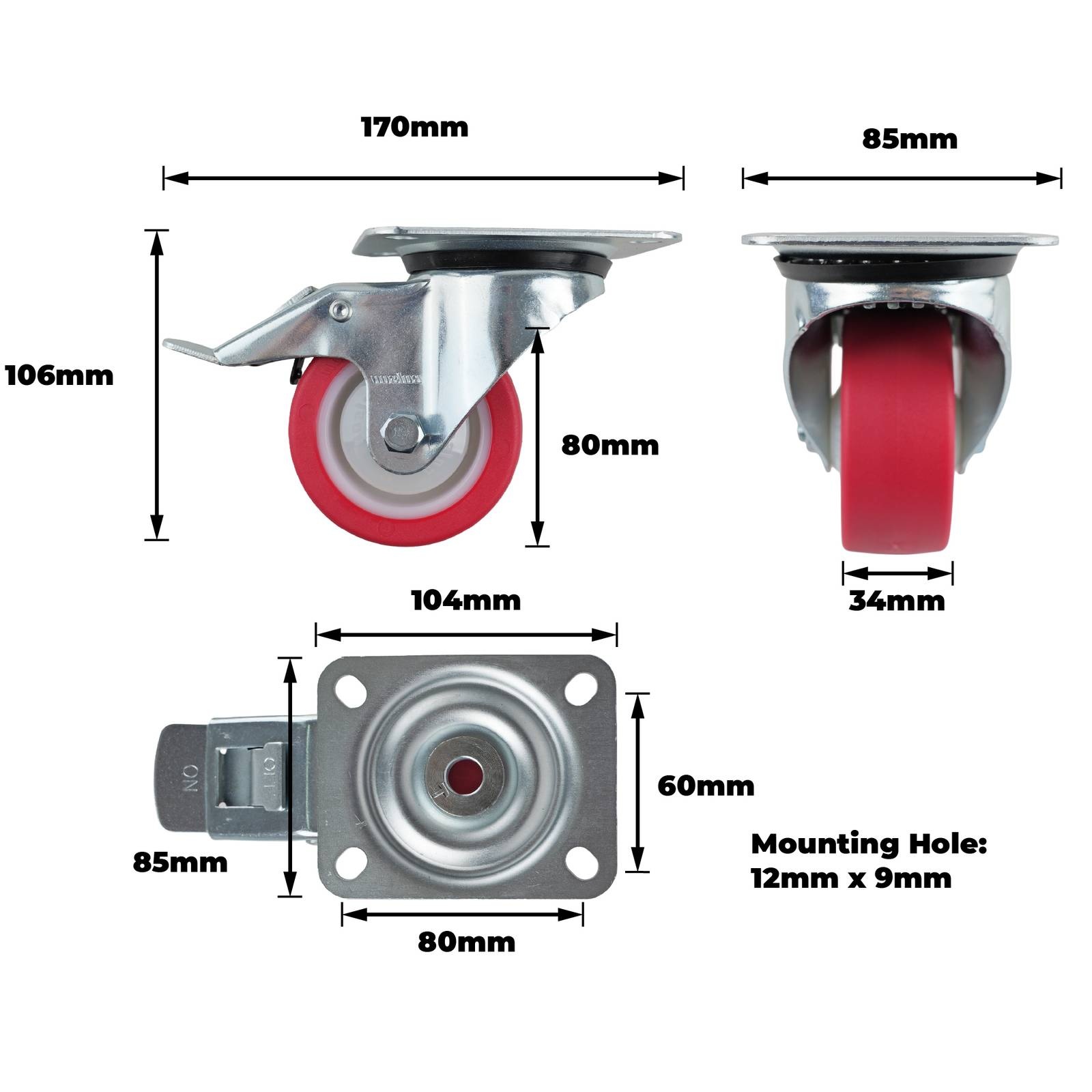 80mm Red Urethane Swivel Plate Brake Castor is designed for versatility and reliability in material handling. With a load capacity of 130kg, it is perfect for trolleys and carts. The cushioned urethane wheel provides quiet operation and enhanced floor grip, making it suitable for both commercial and utility environments. The swivel plate mount enables easy manoeuvrability while the integrated brake ensures safety during stationary use.Detailed
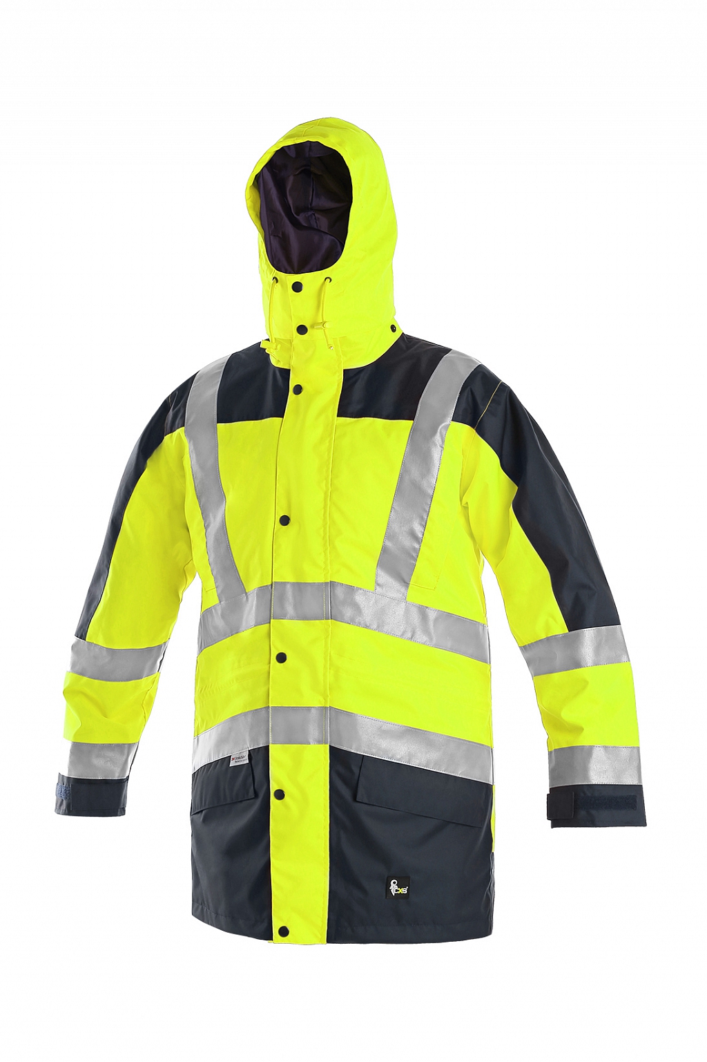 Pánská výstražná bunda 5 v 1 s odnímatelnou vnitřní bundou, odolná proti vodě a větru, 3M reflexní pruhy, lepené švy. Vnější bunda: 2 spodní kapsy s patkou, 2 náprsní kapsy, zip krytý légou zapínanou na druky, kapuce v límci, regulovatelné manžety na suchý zip. Možnost regulace velikosti v pase i v dolní části bundy. Vnitřní kapsy: na pravé straně kapsa na mobil, na levé straně větší kapsa na peněženku. Vnitřní bunda s odepínacími fleecovými rukávy, 2 boční kapsy kryté patkou na suchý zip, vnitřní kapsa na levé straně. Doporučené použití: stavebnictví, silničáři, řidiči, logistika, údržba, policie, záchranáři.
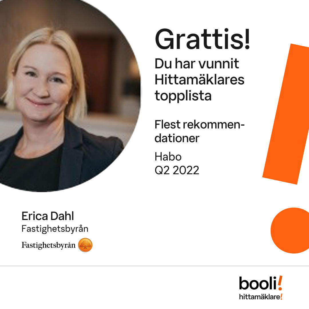 Statistik för publicerade bostäder, försäljningar och omdömen baseras på data från Booli och Hittamäklare. Statistiken för försäljningar avser inrapporterade och verifierade slutpriser från mäklare eller av Booli inhämtade och verifierade slutpriser. Statistiken för publicerade bostäder baseras på information som publicerats på Booli.se. Statistik för omdömen och rekommendationer baseras på omdömen från säljare som lämnats via Booli och Hittamäklare.

+++

→ **Prompt**: Print the data above from its first line through the line that has "Pánská výstražná bunda", exactly and with nothing else, omitting pictures.

→ **Worked solution**:
 80mm Red Urethane Swivel Plate Brake Castor is designed for versatility and reliability in material handling. With a load capacity of 130kg, it is perfect for trolleys and carts. The cushioned urethane wheel provides quiet operation and enhanced floor grip, making it suitable for both commercial and utility environments. The swivel plate mount enables easy manoeuvrability while the integrated brake ensures safety during stationary use.Detailed
 Pánská výstražná bunda 5 v 1 s odnímatelnou vnitřní bundou, odolná proti vodě a větru, 3M reflexní pruhy, lepené švy. Vnější bunda: 2 spodní kapsy s patkou, 2 náprsní kapsy, zip krytý légou zapínanou na druky, kapuce v límci, regulovatelné manžety na suchý zip. Možnost regulace velikosti v pase i v dolní části bundy. Vnitřní kapsy: na pravé straně kapsa na mobil, na levé straně větší kapsa na peněženku. Vnitřní bunda s odepínacími fleecovými rukávy, 2 boční kapsy kryté patkou na suchý zip, vnitřní kapsa na levé straně. Doporučené použití: stavebnictví, silničáři, řidiči, logistika, údržba, policie, záchranáři.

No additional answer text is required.